PROBLEM STATEMENT | Repeat every line of the data exactly, but not the pictures.

DATA |
- Opening Delimiter -
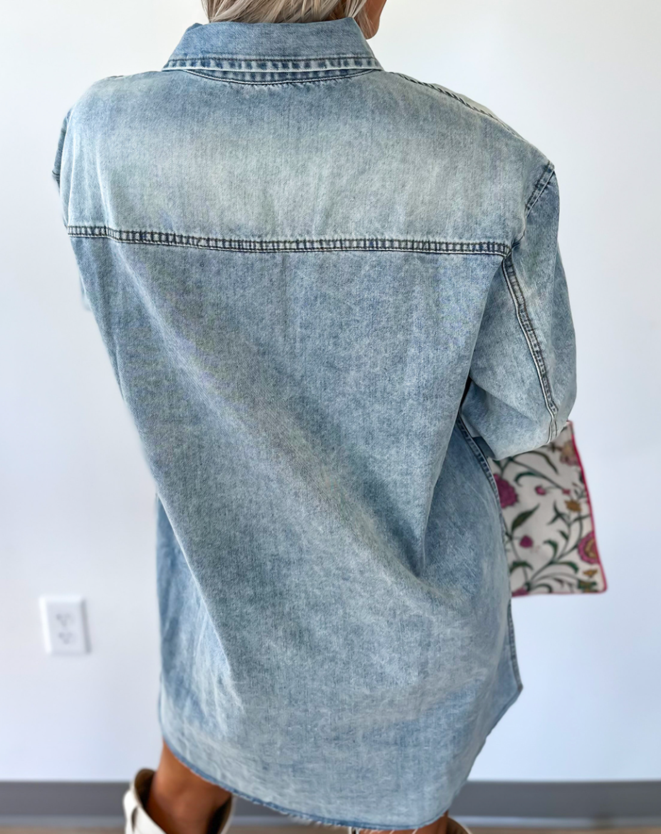 Pre-Order Blue Chest Pocket Raw Hem Denim Loose Shirt Dress
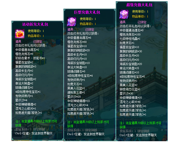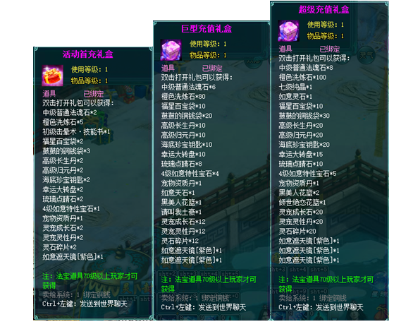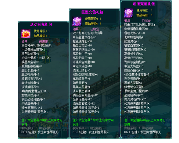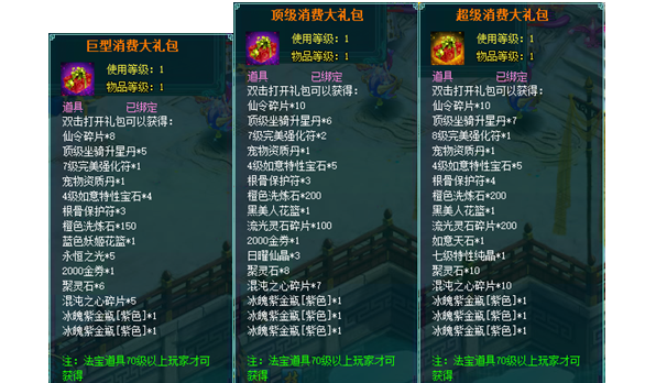 2、充值礼包中的法宝道具均为70级以上玩家才能获得。
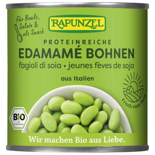 traditional Asian appetizer or snack, delicious in salads, bowls, as puree, in soups or in stews. The cooking process changes the colour of the soybeans from bright green to beige. Due to their natural starch, the brine can become solid, simply rinse the beans before use.
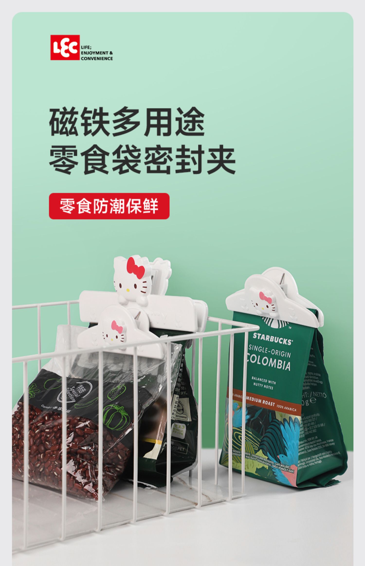 日本LEC Hello Kitty凯蒂猫小号零食密封夹(2个入)
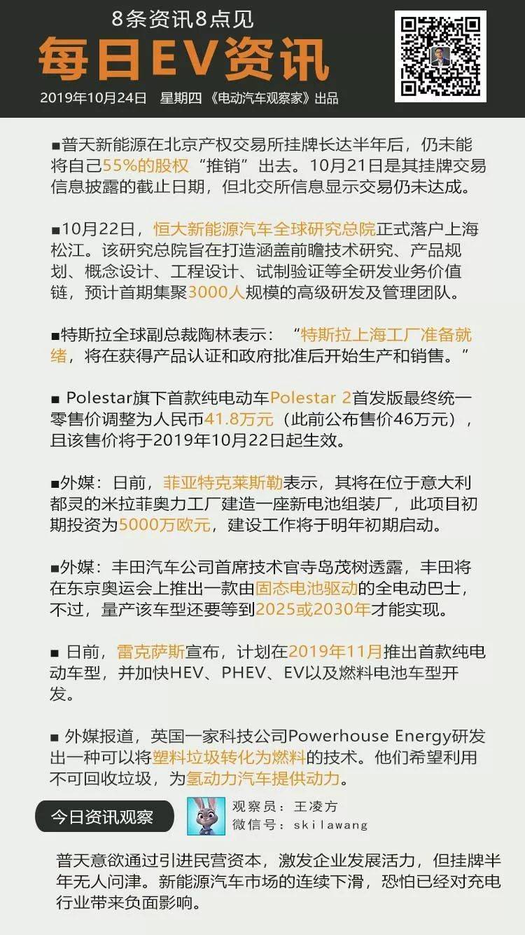每日资讯 普天挂牌半年未售出股权 恒大新能源全球研究院揭牌 特斯拉上海工厂准备就绪 有车以后
- Closing Delimiter -
RESPONSE AREA |
 Pre-Order Blue Chest Pocket Raw Hem Denim Loose Shirt Dress
 2、充值礼包中的法宝道具均为70级以上玩家才能获得。
 traditional Asian appetizer or snack, delicious in salads, bowls, as puree, in soups or in stews. The cooking process changes the colour of the soybeans from bright green to beige. Due to their natural starch, the brine can become solid, simply rinse the beans before use.
 日本LEC Hello Kitty凯蒂猫小号零食密封夹(2个入)
每日资讯 普天挂牌半年未售出股权 恒大新能源全球研究院揭牌 特斯拉上海工厂准备就绪 有车以后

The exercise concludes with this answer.